Из-за двери послышался звук шарканья кожаных ботинок о щебень, и третий человек появился в дверном проеме чайного домика. Он тяжело опирался на скрученный посох из твердой вишни, с единственным листиком изумрудно зеленого цвета и крупным шипом, растущими на его верхушке. Деревянная чаша для милостыни свисала с пеньковой веревки на его талии. – Трубка, Серебряная борода, - сказал он, кивая двум старикам в домике. – Он идет. Я видел его на тропе.
- Мы тоже его видели, Шип, - ответил Серебряная борода, отвернувшись от окна. – Он думает, что он умник, заставив всех нас его ждать. Почему он не прыгнет и не подлетит наверх?
Трубка сбил немного углей на пол. – Он уважает собрание выбранной формы.
- Пф, - фыркнул Серебряная борода. – Ничего он не уважает. Я даже начинаю думать, что наши маленькие воссоединения, это пустая трата времени.
Шип засмеялся, смехом, похожим на шелест листьев на сильном ветру. – Ты так говоришь на каждой нашей встрече, и все же, что-то тебя возвращает сюда каждые 1 000 лет.
- Он одинок, - сказал Трубка, ухмыляясь.
Серебряная борода хмуро ответил на его ухмылку. – У меня есть надежда.
- Надежда? – Трубка поднял лохматую бровь. Его губа подернулась, и тонкая лента дыма поднялась из его рта к потолку. – Надежда на то, что он изменится? Надежда на то, что он сбросит бесконечность пороков и выйдет из тьмы, чтобы снова лететь с тобой перед взором солнца? Ты можешь с тем же успехом ждать, пока каждый смертный в Камигаве обретет просветление!
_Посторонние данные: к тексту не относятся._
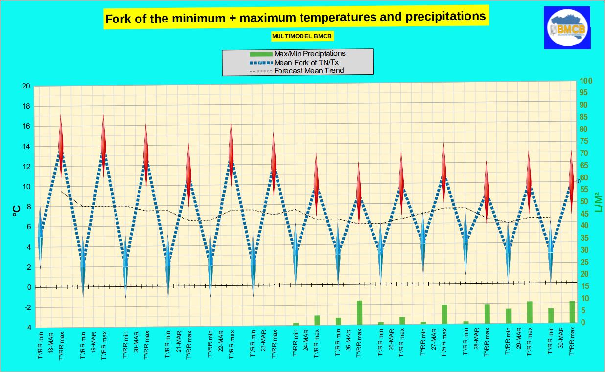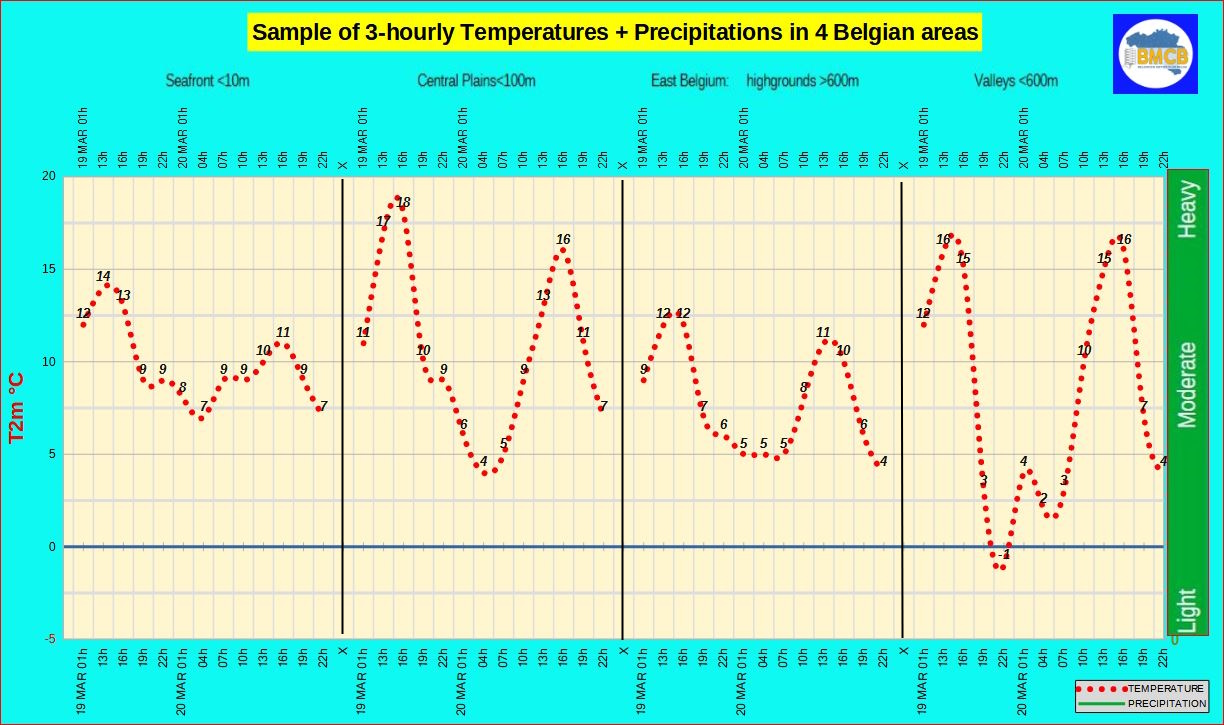 In deze thermische context kunnen vanaf 19 maart plaatselijk lichte nachtvorsten optreden, soms wat uitgesprokener in de valleien van het zuidoosten van het land.
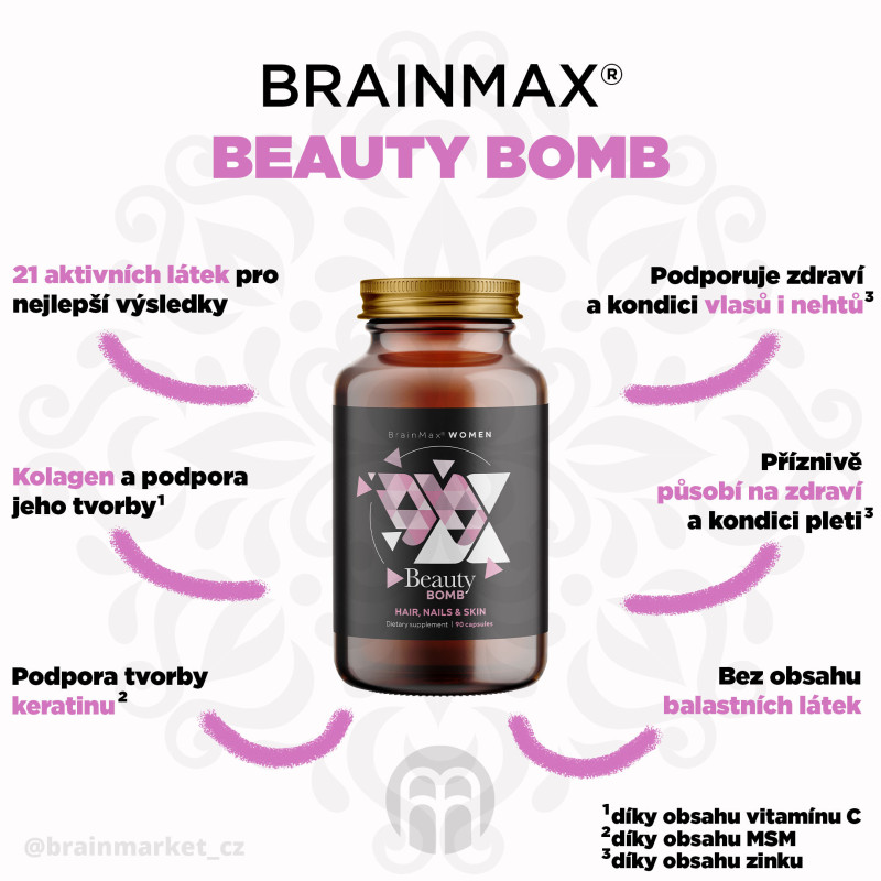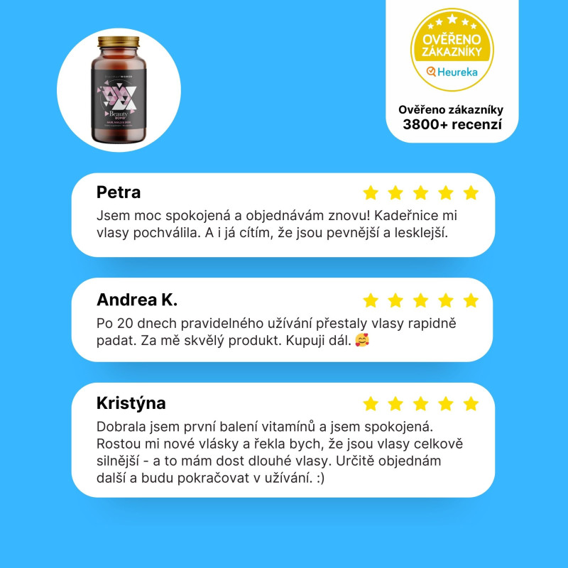 Poor condition of hair, nails or skin can be caused by mineral and vitamin malnutrition, stress, toxins or hormonal fluctuations. It is therefore advisable to supplement nutrients also through dietary supplements. BEAUTY BOMB is suitable for individuals dealing with:
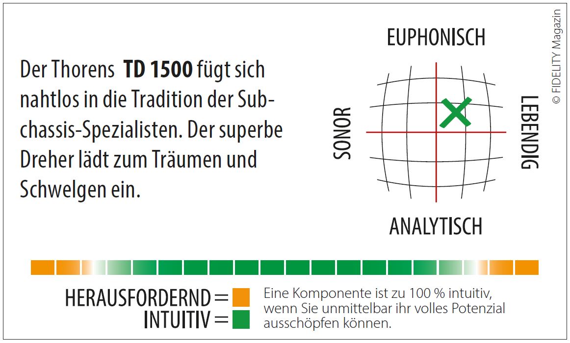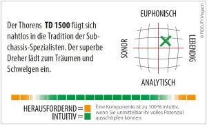 Gunter Kürten schnürt für knapp zweitausend Euro ein Rundum-Sorglospaket, inklusive Abdeckhaube und System, das klassische Werte wie Design und Haptik mit moderner Feinmechanik, elektronischer Steuerung und klanglicher Vielseitigkeit verschmilzt. Mit dem TD 150 legte Thorens das Fundament für eine Ikone. Im TD 1500 findet diese ihre klangvolle Fortführung in bester Tradition. Legenden leben länger!
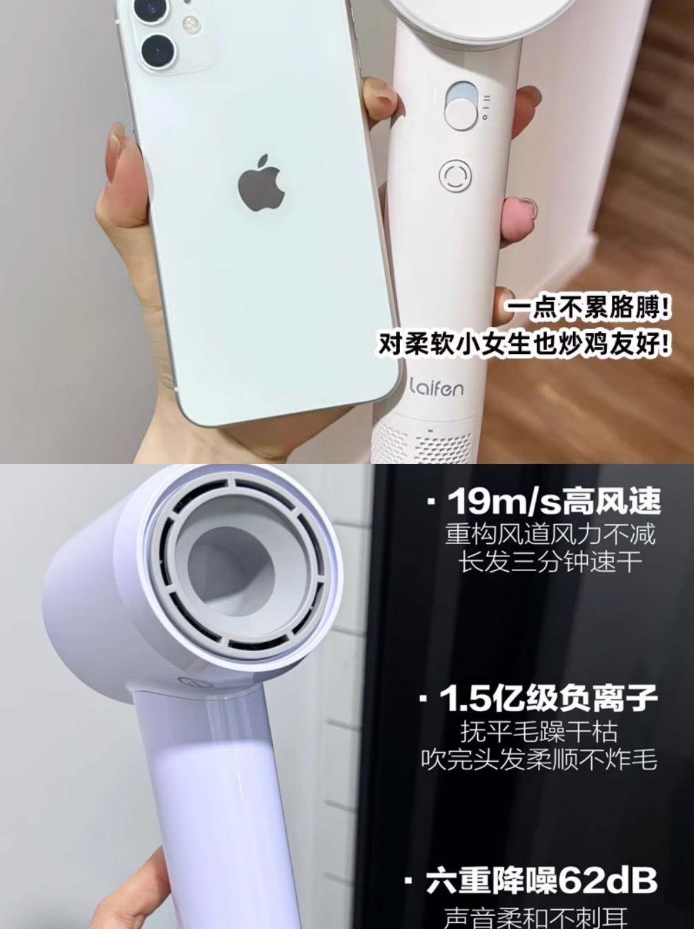 laifen徕芬高速吹风机se lite 莱芬大风力速干低噪负离子吹风机
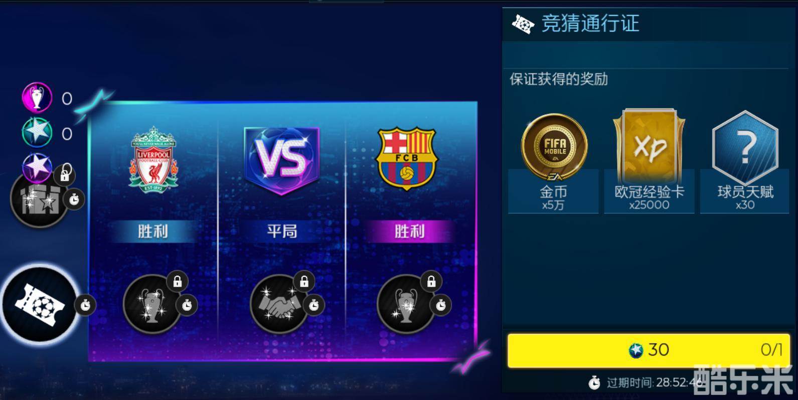 同时,在本章节玩家可以进行半决赛的竞猜活动,先通过在主章节里获取的半决赛积分兑换一次奖励通行证,然后才可进行半决赛单场的比赛竞猜,竞猜正确后,还可获得丰厚的竞猜奖励——欧冠赛事积分,每场比赛的竞猜将在比赛开始前三天开启,于北京时间比赛开始前一天的23点59分59秒截止,玩家一定要留意起始时间哦!
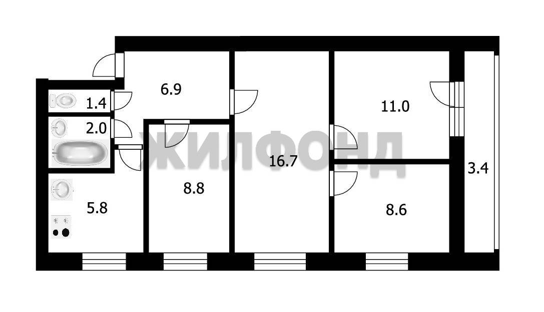 - Площадь кухни: 5.8 м2
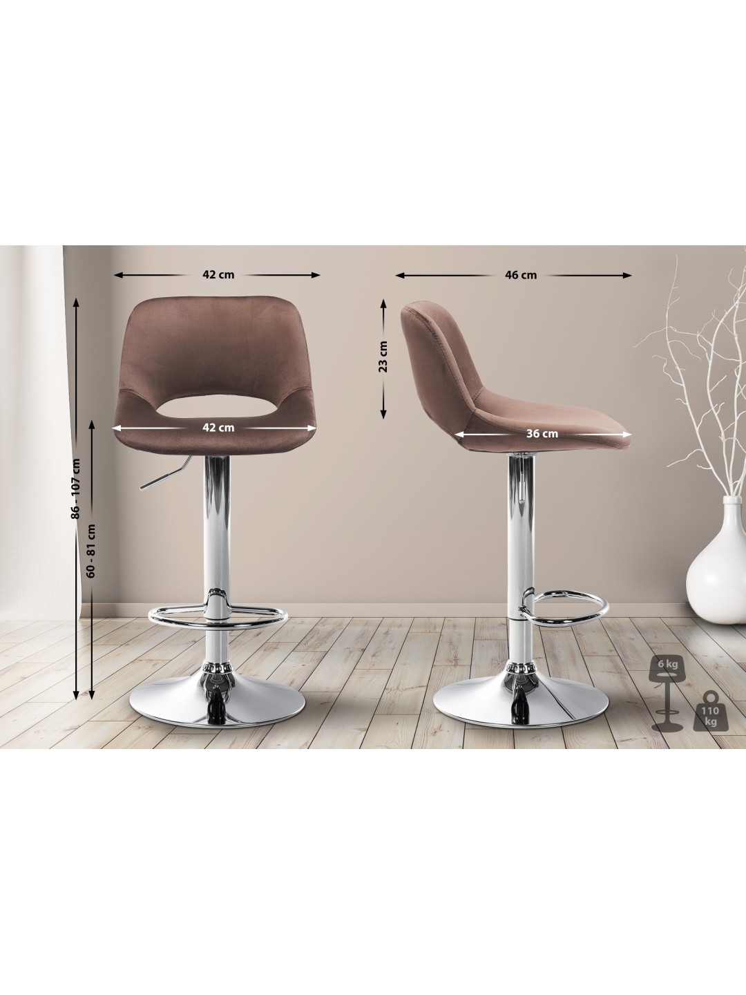 El reposapiés integrado ofrece comodidad adicional al sentarse. Por último, la silla de bar está equipada con protectores de suelo para proteger incluso las superficies sensibles.
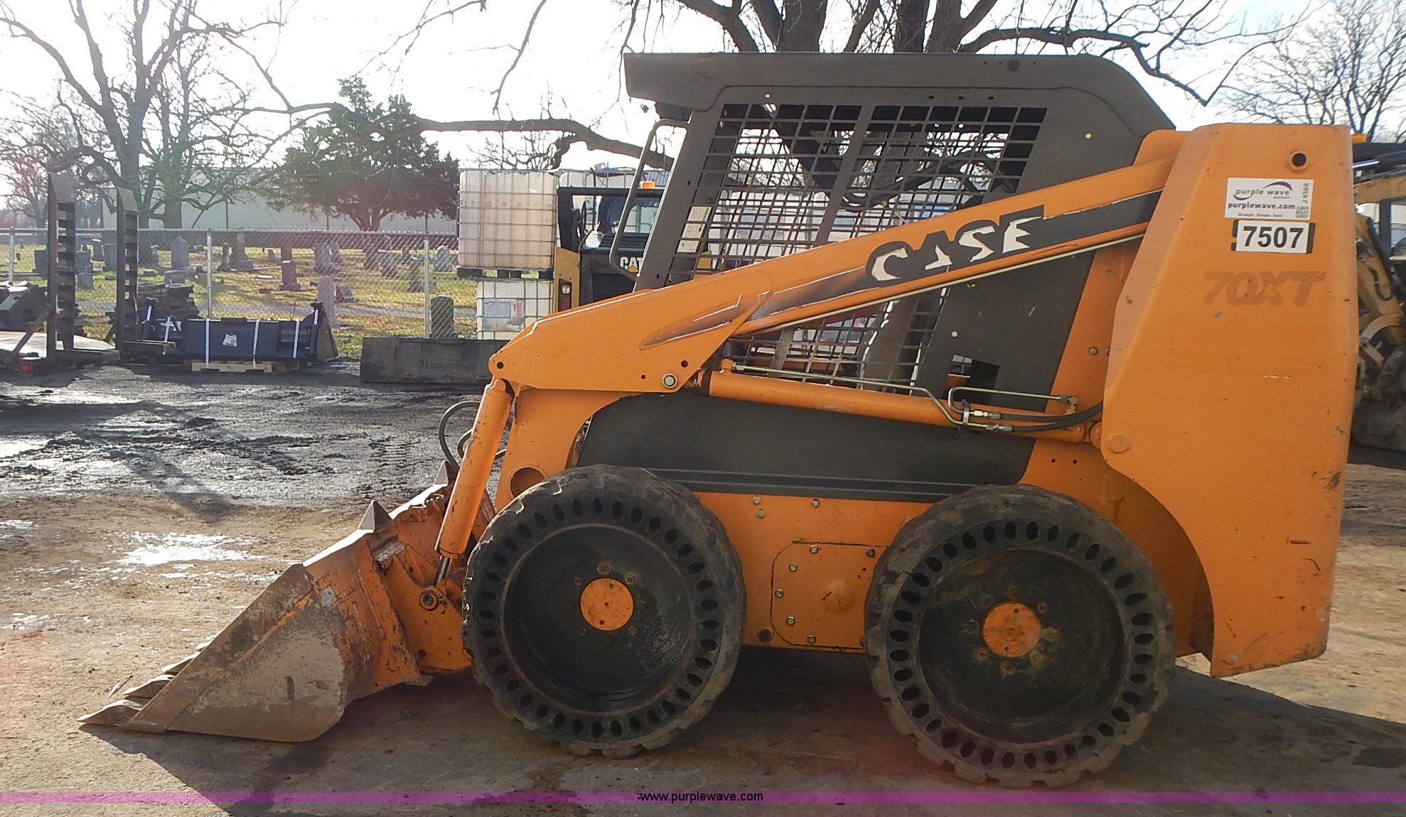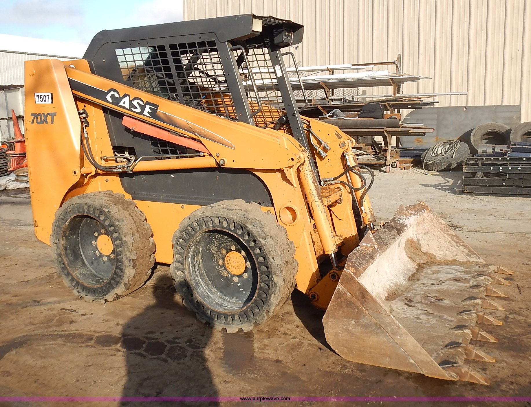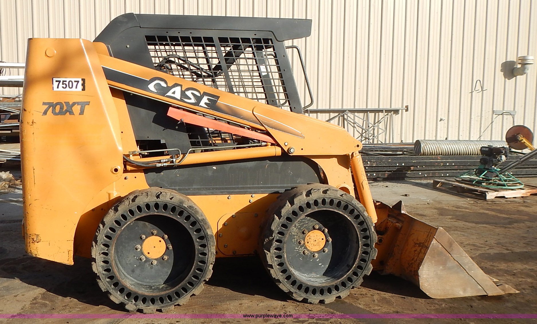 Purple Wave is selling a used Skid Steer Loader in Kansas. This item is a 2005 Case 70XT skid steer with the following: 1,479 hours on meter, Four cylinder turbo diesel engine, Hydrostatic transmission, Open station/canopy, Joystick controls, Front work lights, Block heater, Case 6'W bucket, Weld-on cutting edge, (8) bolt-on teeth, .39 cubic yard capacity, Auxiliary hydraulics, Solid tires, 6,906 lbs. base operating weight, One work light missing, Seat damaged, Serial JAF416441, Unit# 7507
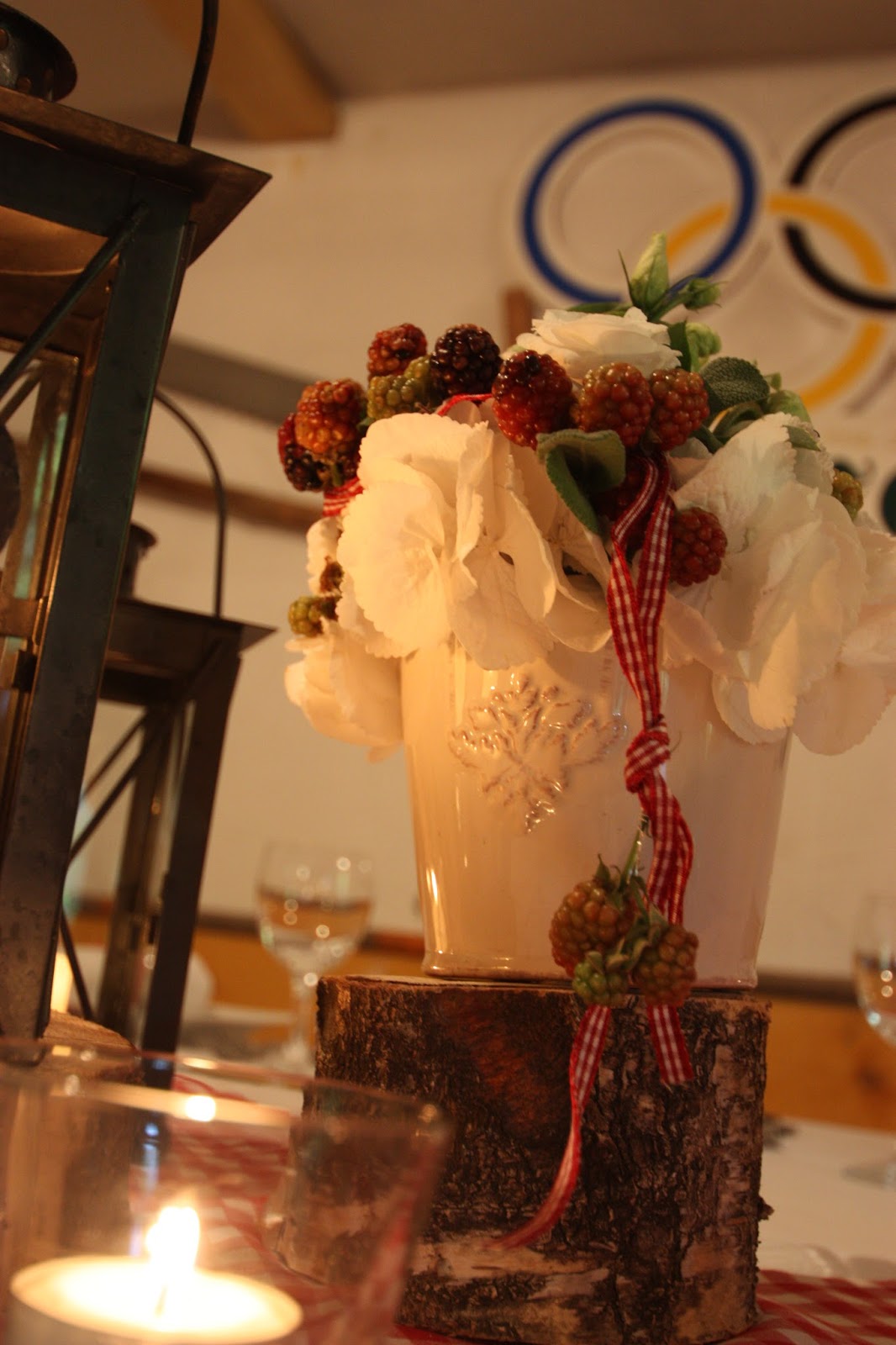 Wer also „richtig rustikal“ feiern möchte, der ist in der Bob-Kantine genau richtig. Dem Inneren der Hütte hatten wir aber dann doch mit Dekorations-Elementen einen etwas feinere Note gegeben, denn zu derb sollte es dann doch nicht sein. So gab es weiße Tischdecken mit rot-weiß karierten Auflegern und die weißen Stoffservietten waren ebenfalls mit rot-weiß karierten Bändern zusammengebunden. Auf Baumstamm-Scheiben standen schwarze Eisenlaternen mit dicken Stumpen-Kerzen und die Blumendekoration von Passiflori war in weißen Relief-Steingutgefässen. Herrliche weiße Hortensien, kombiniert mit frischen Brombeeren bildeten einen tollen Kontrast zu den karierten Tischdecken und fügten sich trotzdem perfekt in das Gesamtbild ein.

- Я надеюсь на это тоже, - сказал Серебряная борода, тихо отворачиваясь и выглядывая в окно.
Трубка выдул очередное облако едкого дыма и усмехнулся Шипу, который медленно подошел и присоединился к нему за столом. Трубка указал на Серебряную бороду, стоящего у окна. – Буд-то он способен отличить смертного от облака в небе, а?
- Я знаю смертных! – Сказал Серебряная борода, развернувшись к ним. Теплый бриз пронесся по комнате, всколыхнув его усы. Он пах полем травы сусуки под полуденным солнцем. - Хотите послушать о том, как я провел время за эти 1 000 лет? Я…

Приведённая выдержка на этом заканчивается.